Based on Assaf Bernstein’s Israeli film of the same title, The Debt first presents the account of the fateful mission that made Singer a national icon in Israel. It is that story Sarah Gold told in her bestselling book, which Singer dutifully agrees to help publicize. Yet, when press reports surface of a senile patient in a Ukrainian nursing home claiming to be the notorious Surgeon, Dieter Vogel, she and her ex take it deadly seriously. So does David Peretz, the third member of the team, who was always too troubled by the events that transpired in 1965 East Berlin to enjoy their heroic celebrity.

Now a wheelchair-bound senior intelligence official, Gold’s field ops days are behind him. Though the conscience plagued Peretz has recently reappeared, he will be in no condition to deal with the Surgeon. It is up to Singer to covertly enter Ukraine and finish the job. While she cases the sanatorium, The Debt flashes back to East Berlin, showing how it all really went down.

As adapted by screenwriters Matthew Vaughn & Jane Goldman and Peter Straughan, Madden’s Debt closely hews to the plot and structure of the original. However, the new version plays up the three Mossad agents’ romantic triangle and also adds a bit of a moralizing "truth is important" spin to the ending. However, like the source film, The Debt never suggests Singer’s team had the wrong man, only faulting their execution, the result of stress exacerbated by generational guilt and sexual tension. Indeed, The Surgeon is presented as evil incarnate, played with icy menace by Jesper Christensen.

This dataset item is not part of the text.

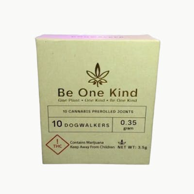 Experience the ultimate in cannabis enjoyment with 3.5g 10-Pack Dogwalker (0.35g) Pre-Rolls from Be One Kind. Each pack contains ten expertly crafted pre-rolls, made exclusively from high-quality buds, never shake. - Premium Quality Buds: Crafted exclusively from top-shelf buds to ensure the highest quality and potency, avoiding the lower quality of shake. - Generous Size: Each pre-roll contains 0.35 gram of premium cannabis, offering a fulfilling smoking experience. - Rich Flavor Profile: Enjoy a robust and flavorful smoke with every puff, showcasing the unique characteristics of the premium strain. - Convenient 10-Pack: Comes in a pack of ten dogwalker pre-rolls, making it easy to enjoy premium cannabis anytime, anywhere. - The 3.5g 10-Pack Dogwalkers is perfect for those who like to smoke smaller joints and appreciate the finer things in life. Treat yourself to a superior smoking experience with quality you can trust. STRAIN TYPE: Balanced hybrid.

When casting an actress of a certain age for somewhat action oriented film, Helen Mirren is pretty much the extent of the short list. Though she brings the appropriate presence and credibility to the 1997 Singer, the heart and guts of the film remain in 1965 (as was the case with its predecessor). Madden cranks the up the claustrophobic tension in their “safe” flat quite effectively, while making it vividly clear how the legacy of the Holocaust weighed on the team as first generation children of survivors.

Frankly, Sam Worthington is surprisingly compelling as the young but already too tightly wound Peretz, suggesting he might actually be a very good actor, who just had the mixed luck to be in utterly terrible but hugely successful films, like Avatar and Clash of the Titans. Yet, perhaps the greatest surprise is Jessica Chastain, who rises to challenge of playing the same character as Dame Helen, in the same film. In fact, she might even get the better of her, investing the younger Gold with equal measures of strength and vulnerability.

Though it still has not fixed the problematic third act showdown, The Debt remains a leanly muscular morality play-thriller. While the English language version might be a bit more inclined to cast the Mossad in an unfavorable light, there is never any ambiguity as to the Surgeon’s truly malevolent nature. A surprisingly faithful and well executed remake, The Debt should definitely satisfy those who enjoy a John Le CarrrĂ©-esque story, who have do not already know the twists and turns of the original. It opens this Wednesday (8/31) in New York at the Angelika Film Center.